▶ [WHAT YOU HAVE TO DO]:
Take the material below and extract the lines from the one with "the white indicator." through the one with "種子島の写真とのことです。夜", word for word, without pictures.

▶ [SOURCE INFORMATION]:
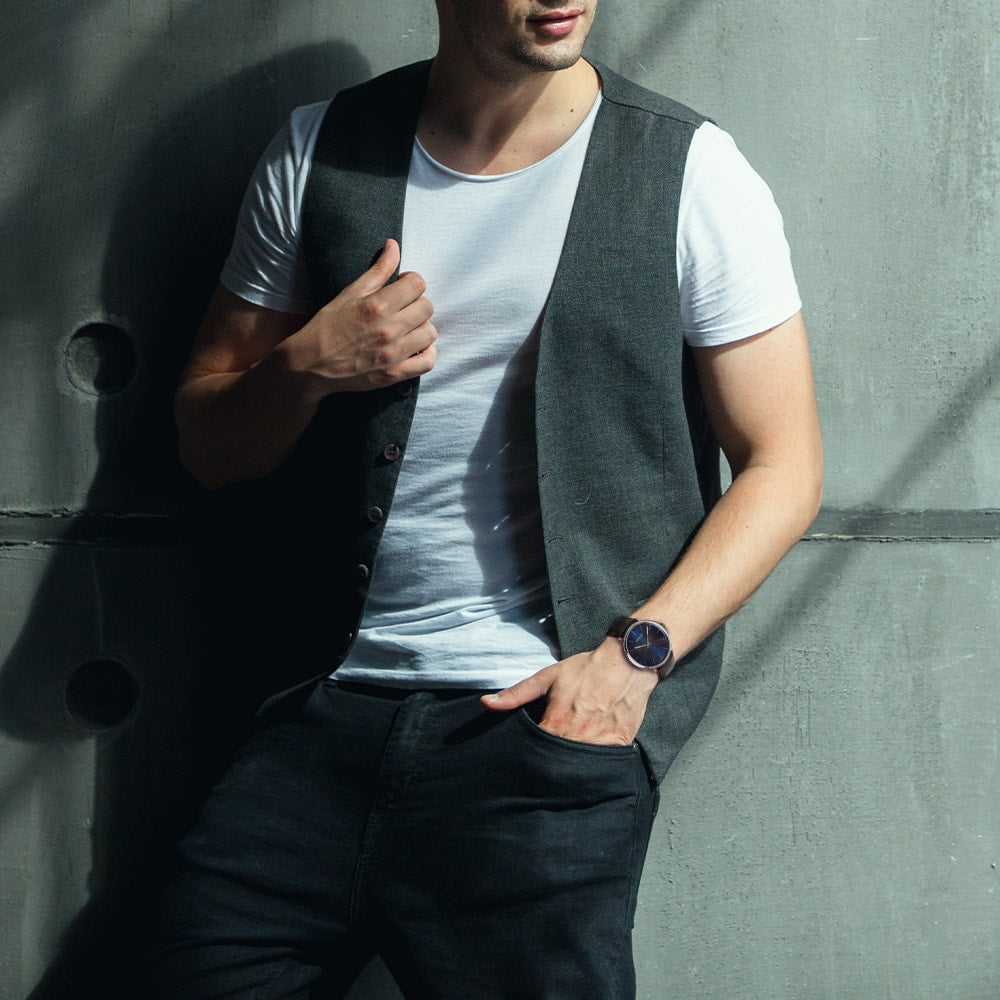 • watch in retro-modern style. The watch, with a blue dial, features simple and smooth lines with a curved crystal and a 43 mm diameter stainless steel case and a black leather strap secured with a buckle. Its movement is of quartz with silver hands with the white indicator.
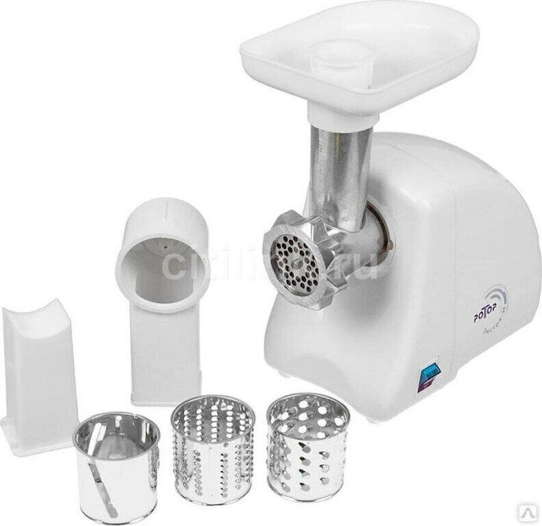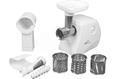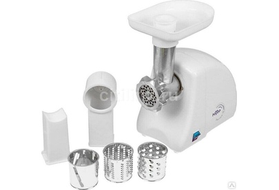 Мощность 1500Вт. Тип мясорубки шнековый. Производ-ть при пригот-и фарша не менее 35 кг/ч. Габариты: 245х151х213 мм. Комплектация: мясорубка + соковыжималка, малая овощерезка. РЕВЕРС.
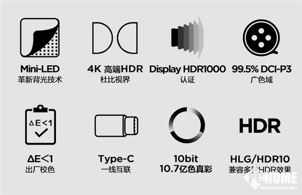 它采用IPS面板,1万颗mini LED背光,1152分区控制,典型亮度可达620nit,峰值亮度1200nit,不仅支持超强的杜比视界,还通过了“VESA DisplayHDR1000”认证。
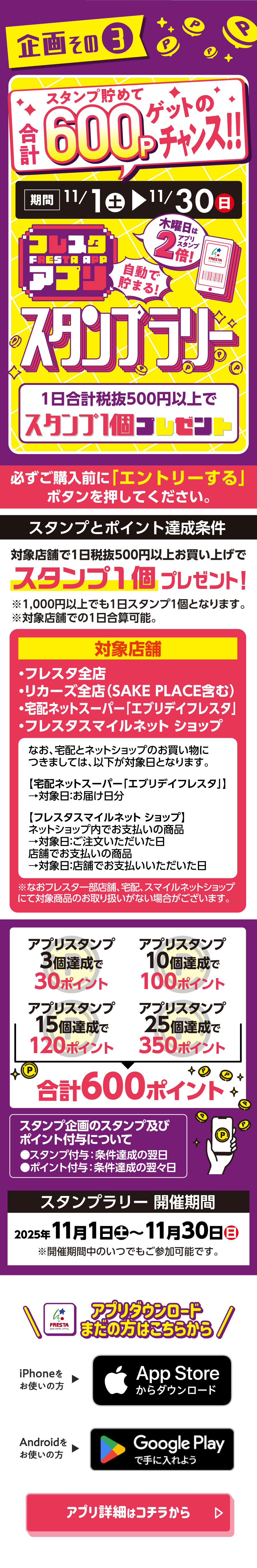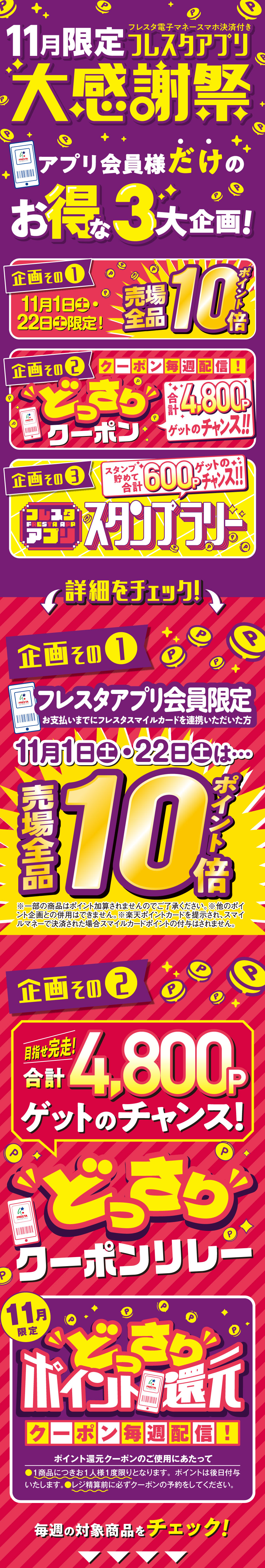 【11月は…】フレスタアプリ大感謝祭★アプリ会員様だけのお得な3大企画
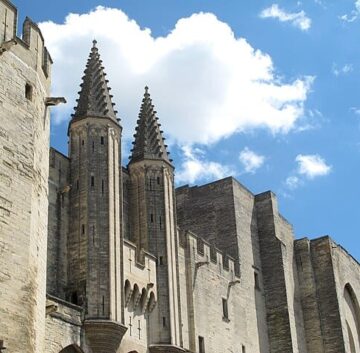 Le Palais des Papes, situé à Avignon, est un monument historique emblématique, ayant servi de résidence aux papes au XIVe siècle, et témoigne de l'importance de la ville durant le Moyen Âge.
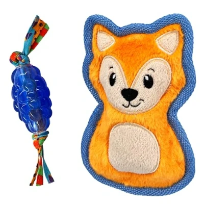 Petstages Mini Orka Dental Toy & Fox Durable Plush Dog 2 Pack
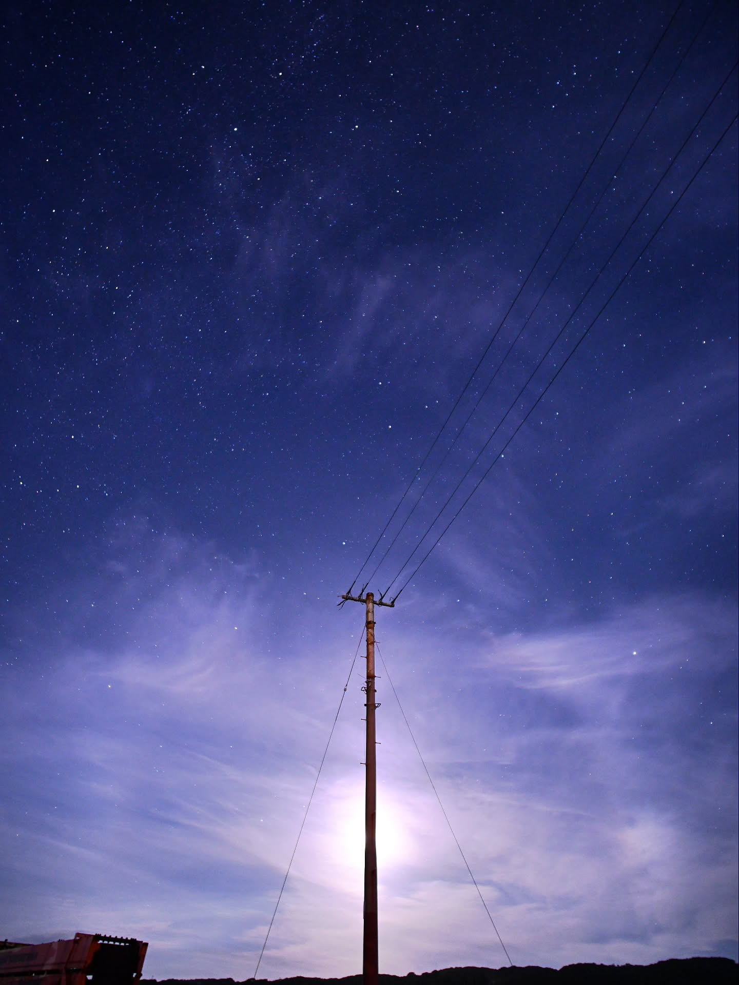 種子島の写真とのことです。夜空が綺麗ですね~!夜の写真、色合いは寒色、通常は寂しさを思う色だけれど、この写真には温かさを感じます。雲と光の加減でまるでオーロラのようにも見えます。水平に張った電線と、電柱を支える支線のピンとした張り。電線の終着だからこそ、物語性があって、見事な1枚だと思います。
* * *
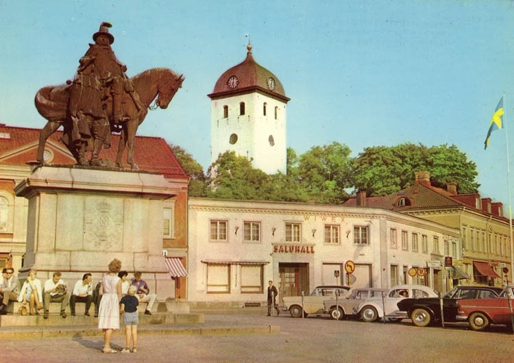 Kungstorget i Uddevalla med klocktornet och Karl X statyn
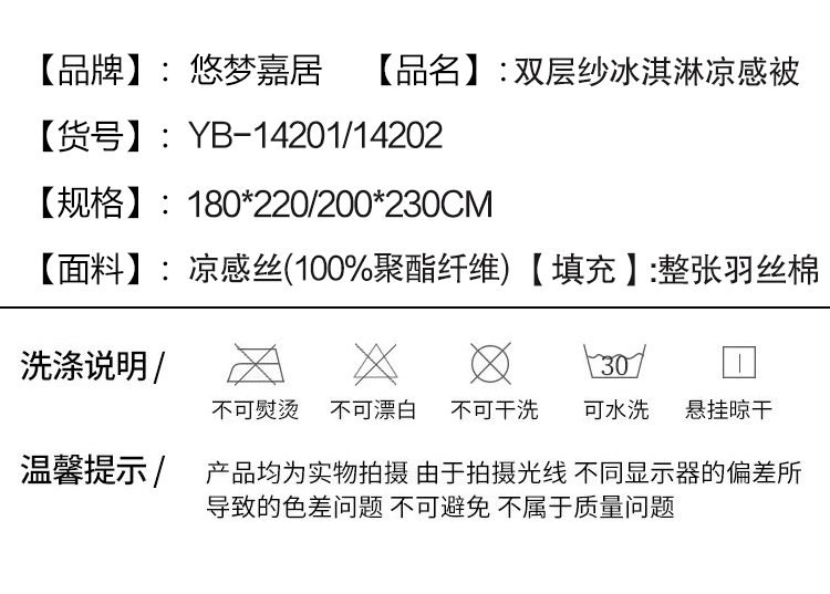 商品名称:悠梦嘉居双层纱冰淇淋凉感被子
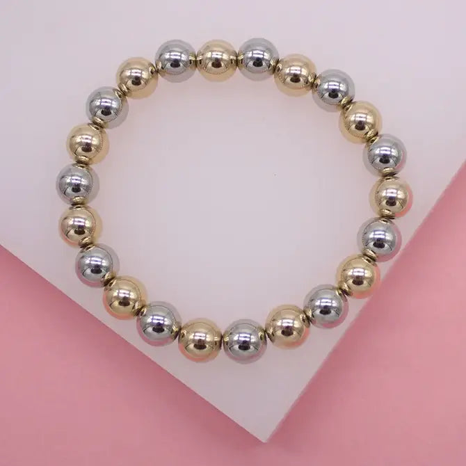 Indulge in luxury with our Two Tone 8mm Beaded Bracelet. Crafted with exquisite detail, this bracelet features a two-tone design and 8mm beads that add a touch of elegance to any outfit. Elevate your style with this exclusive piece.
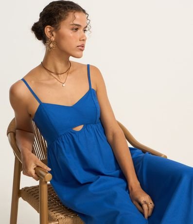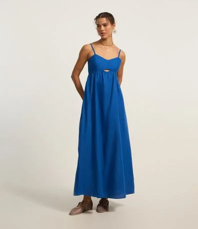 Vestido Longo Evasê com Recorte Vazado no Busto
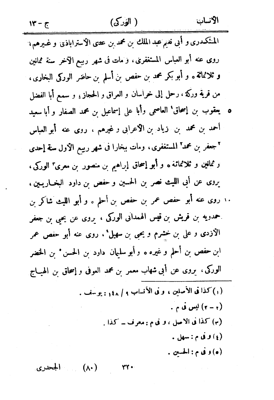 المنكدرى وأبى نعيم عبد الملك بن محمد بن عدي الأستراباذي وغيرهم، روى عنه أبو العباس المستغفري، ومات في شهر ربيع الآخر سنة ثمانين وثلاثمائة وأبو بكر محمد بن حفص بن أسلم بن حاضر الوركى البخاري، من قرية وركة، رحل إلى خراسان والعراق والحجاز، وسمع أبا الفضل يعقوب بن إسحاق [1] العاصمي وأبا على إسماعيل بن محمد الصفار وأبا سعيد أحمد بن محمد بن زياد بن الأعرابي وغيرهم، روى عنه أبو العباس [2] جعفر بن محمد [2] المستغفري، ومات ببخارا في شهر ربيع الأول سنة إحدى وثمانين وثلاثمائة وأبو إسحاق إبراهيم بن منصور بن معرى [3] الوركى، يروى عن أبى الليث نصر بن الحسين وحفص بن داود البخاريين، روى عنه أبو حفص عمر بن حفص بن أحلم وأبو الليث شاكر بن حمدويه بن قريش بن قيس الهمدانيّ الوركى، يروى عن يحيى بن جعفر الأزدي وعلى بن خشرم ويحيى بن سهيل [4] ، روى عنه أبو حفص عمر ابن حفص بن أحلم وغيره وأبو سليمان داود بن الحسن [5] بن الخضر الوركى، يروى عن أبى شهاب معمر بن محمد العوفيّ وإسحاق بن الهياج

▶ [RESPONSE BELOW]:
 • watch in retro-modern style. The watch, with a blue dial, features simple and smooth lines with a curved crystal and a 43 mm diameter stainless steel case and a black leather strap secured with a buckle. Its movement is of quartz with silver hands with the white indicator.
 Мощность 1500Вт. Тип мясорубки шнековый. Производ-ть при пригот-и фарша не менее 35 кг/ч. Габариты: 245х151х213 мм. Комплектация: мясорубка + соковыжималка, малая овощерезка. РЕВЕРС.
 它采用IPS面板,1万颗mini LED背光,1152分区控制,典型亮度可达620nit,峰值亮度1200nit,不仅支持超强的杜比视界,还通过了“VESA DisplayHDR1000”认证。
 【11月は…】フレスタアプリ大感謝祭★アプリ会員様だけのお得な3大企画
 Le Palais des Papes, situé à Avignon, est un monument historique emblématique, ayant servi de résidence aux papes au XIVe siècle, et témoigne de l'importance de la ville durant le Moyen Âge.
 Petstages Mini Orka Dental Toy & Fox Durable Plush Dog 2 Pack
 種子島の写真とのことです。夜空が綺麗ですね~!夜の写真、色合いは寒色、通常は寂しさを思う色だけれど、この写真には温かさを感じます。雲と光の加減でまるでオーロラのようにも見えます。水平に張った電線と、電柱を支える支線のピンとした張り。電線の終着だからこそ、物語性があって、見事な1枚だと思います。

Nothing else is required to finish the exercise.